Deploy generated code toNVIDIA®Tegra®硬件目标

You can use GPU Coder™ with theMATLAB®Coder™ Support Package for NVIDIA Jetson®and NVIDIA DRIVE®Platformsto deploy your MATLAB algorithms on embedded NVIDIA GPUs. Specifically, you can target the NVIDIA Jetson and DRIVE family of boards on either Windows®or Linux®systems. The support package enables you to remotely communicate with the NVIDIA target and control the peripheral devices for prototyping. The MATLAB entry-point function is deployed as a standalone executable that continues to run even if the hardware live connection is disconnected from the host computer.

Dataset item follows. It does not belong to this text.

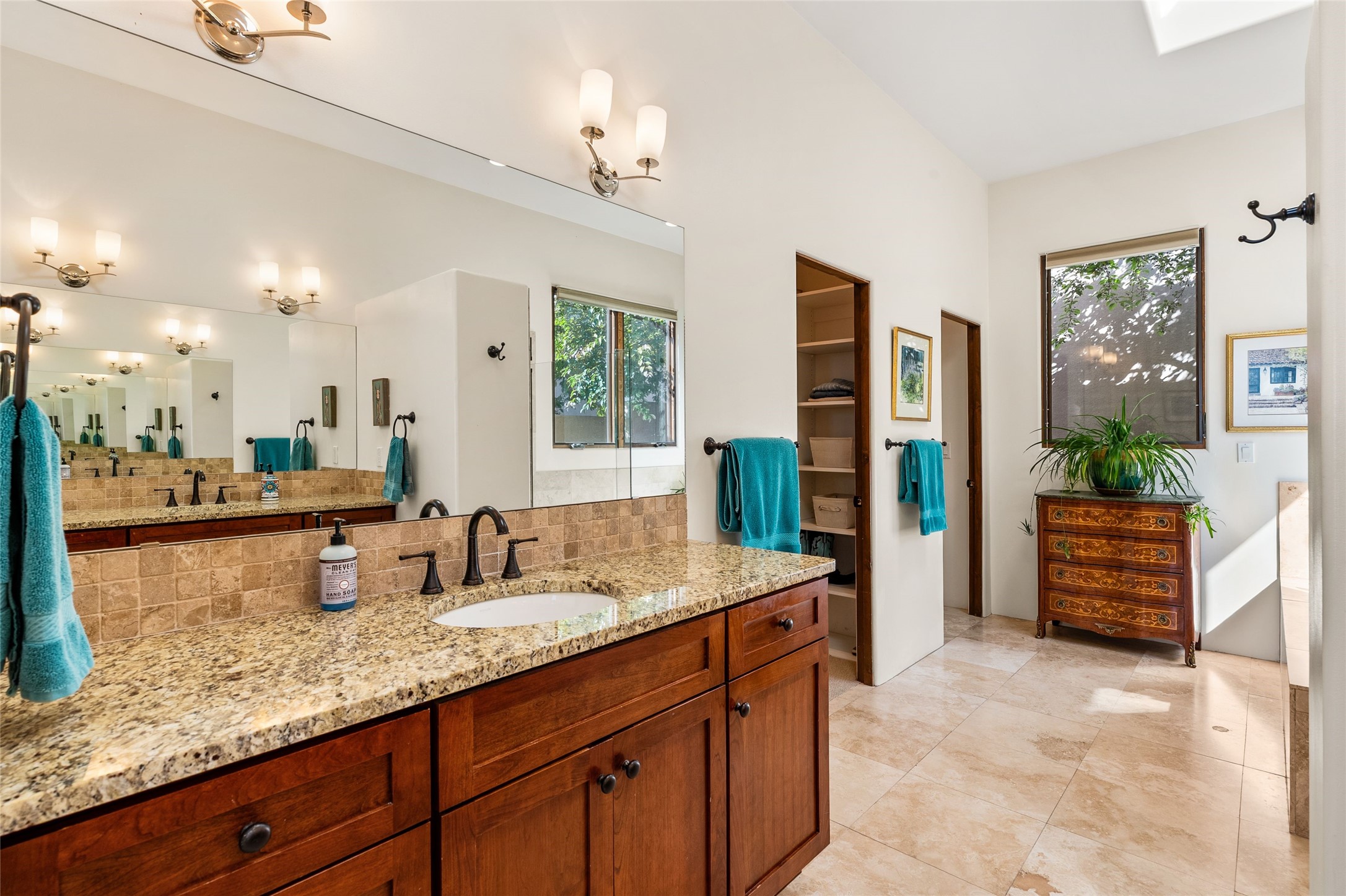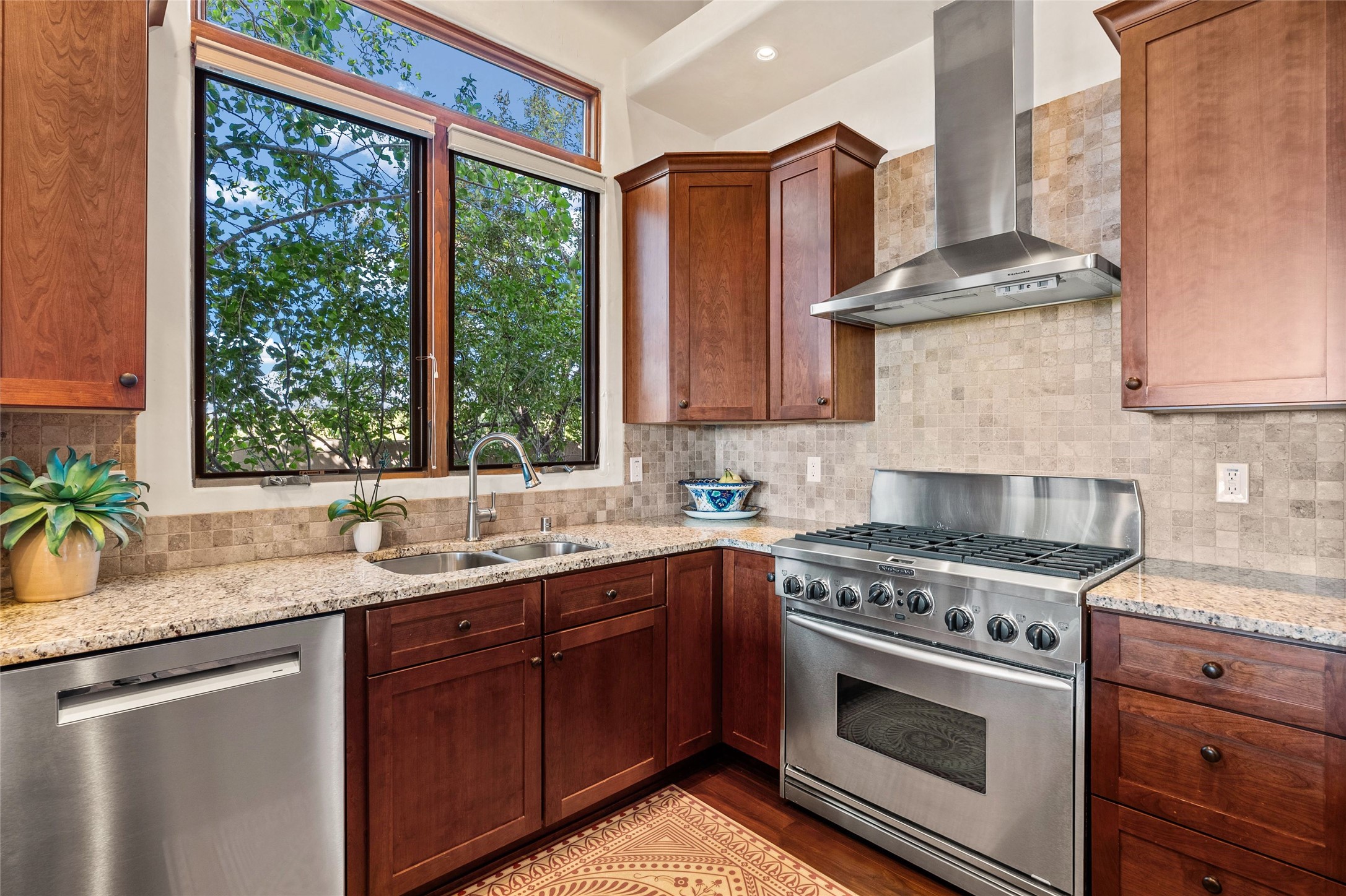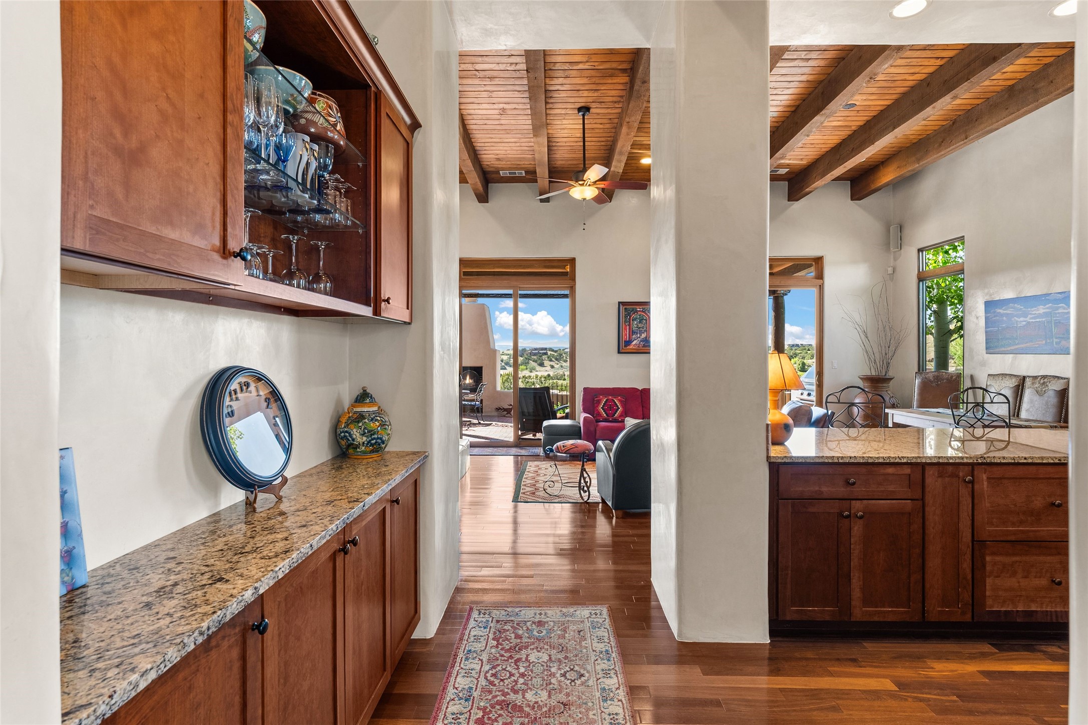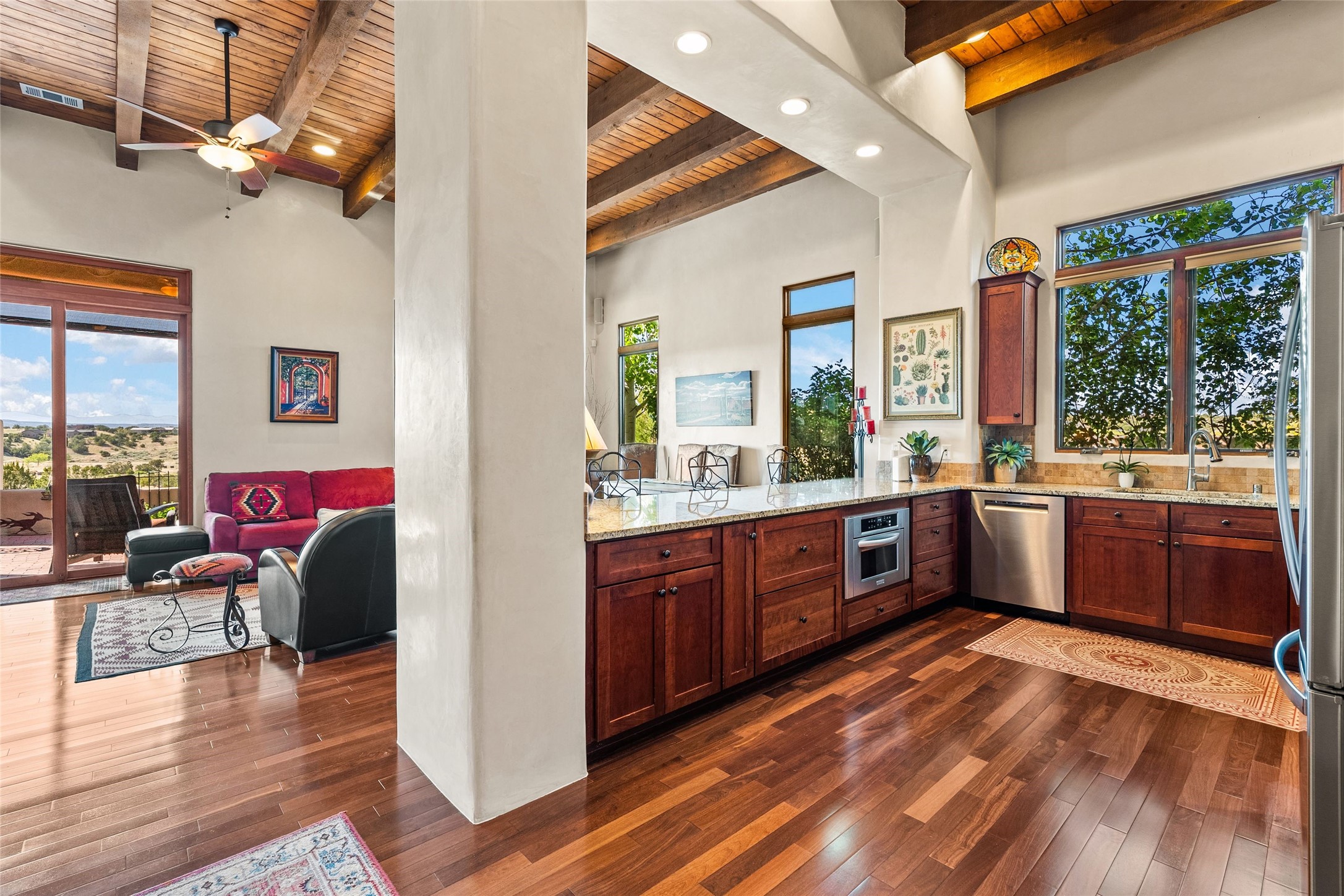 Enjoy Panoramic views of the Golf Course as well as the Jemez & Sangre de Cristo Mountainsfrom this 3 Bed / 3 Bath "Lock & Leave" home with a private, detached casita, located on anelevated corner lot in Gated Las Campanas. Double courtyard doors lead to a private oasiswith a brick patio surrounded by mature trees, flagstone walkways & a soothing outdoor waterfeature. Dining al fresco with a Mountain view is your choice at either of 2 outdoor wood-burning fireplaces. Upon entering the home, 2 hand-hewn doors open to a full-length foyerwindow looking into an inviting entry courtyard, awaiting the perfect sculpture or water feature.The Living / Dining area is an open concept layout with a gas fireplace plus 2 sliding doors thatlead to the Back Portal with Golf Course & Jemez Views. The Kitchen includes a 36"KitchenAid 6-Burner Gas Range/Oven, Microwave, Bosch Dishwasher, Whirlpool French DoorRefrigerator & large bar for casual meals. The Master Bedroom Suite enjoys the same Golf &Jemez views with its own private patio, en-suite bathroom with 2 separate sinks, walk-in closet,glass walk-in shower, deep soaking tub & compartmented water closet. Bedroom Two issequestered from the Master and has direct access to Bath Two. Steps away from the mainhome, through the entry courtyard, guests will be delighted with the welcoming 1 Bed / 1 BathCasita with a wet bar, microwave & refrigerator. This Lock & Leave home with Golf Course,Jemez & Sangre de Cristo Mountain views is the perfect Santa Fe get-away or primary homefor the ultimate Santa Fe lifestyle.
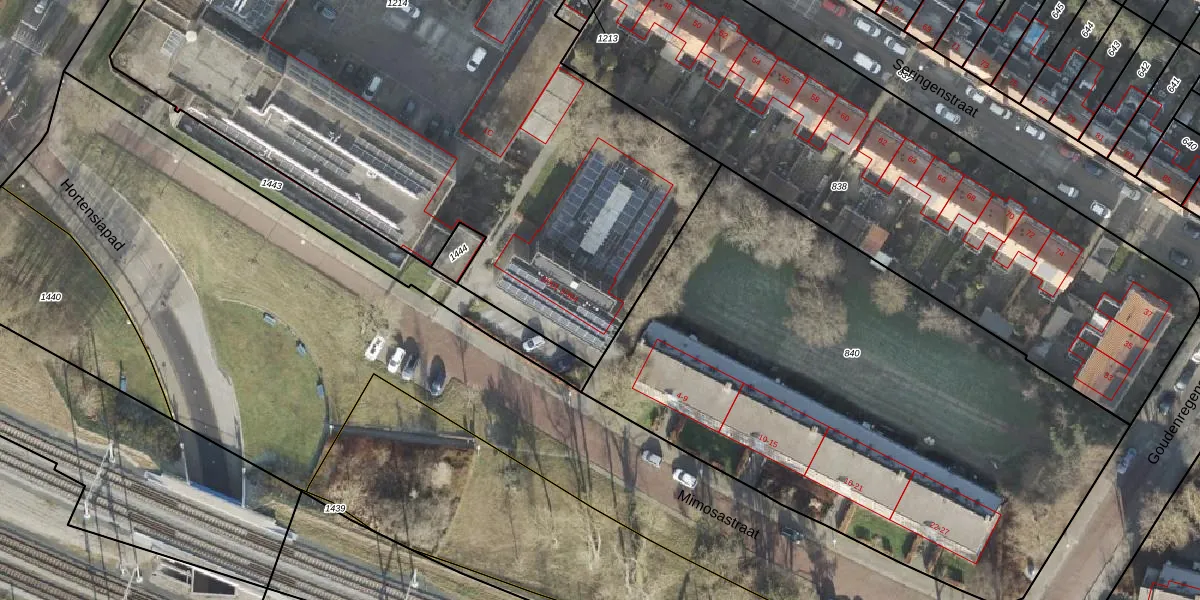 Het perceel waarop Mimosastraat 3-201 staat heeft een oppervlakte van 5294 m². Dit is een zeer groot perceel. De perceeloppervlakte wordt geregistreerd door het Kadaster. Gedetailleerde informatie over de maten van dit perceel kunt u vinden in het rapport Kadastrale kaart met maatvoering van Mimosastraat 3-201.

要安装此支持软件包,请在MATL金宝appAB中使用附加探索器。有关受支持开发平台的信息,请参见金宝appInstall and Setup Prerequisites for NVIDIA Boards(MATLAB Coder Support Package for NVIDIA Jetson and NVIDIA DRIVE Platforms)

Note

从R2021a开始,GPU Coder Support Package for NVIDIA GPUs被称为MATLAB Coder Support Package for NVIDIA Jetson and NVIDIA DRIVE Platforms。要在R2021A中使用此金宝app支持包,您必须拥有MATLAB Coderproduct.

Functions

packNGo Package generated code in ZIP file for relocation
代码gen 从中生成C/C ++代码MATLAB代码
jetson Create connection toNVIDIAJetsonhardware
drive Create connection toNVIDIA DRIVEhardware

Objects

代码r.hardware Create hardware board configuration object for C/C++ code generation fromMATLAB代码
jetson 连接到NVIDIAJetsonhardware
drive 连接到NVIDIA DRIVEhardware

Topics

MATLAB

构建和运行一个前女友ecutable on NVIDIA Hardware

Targeting embedded NVIDIA boards from the MATLAB command line.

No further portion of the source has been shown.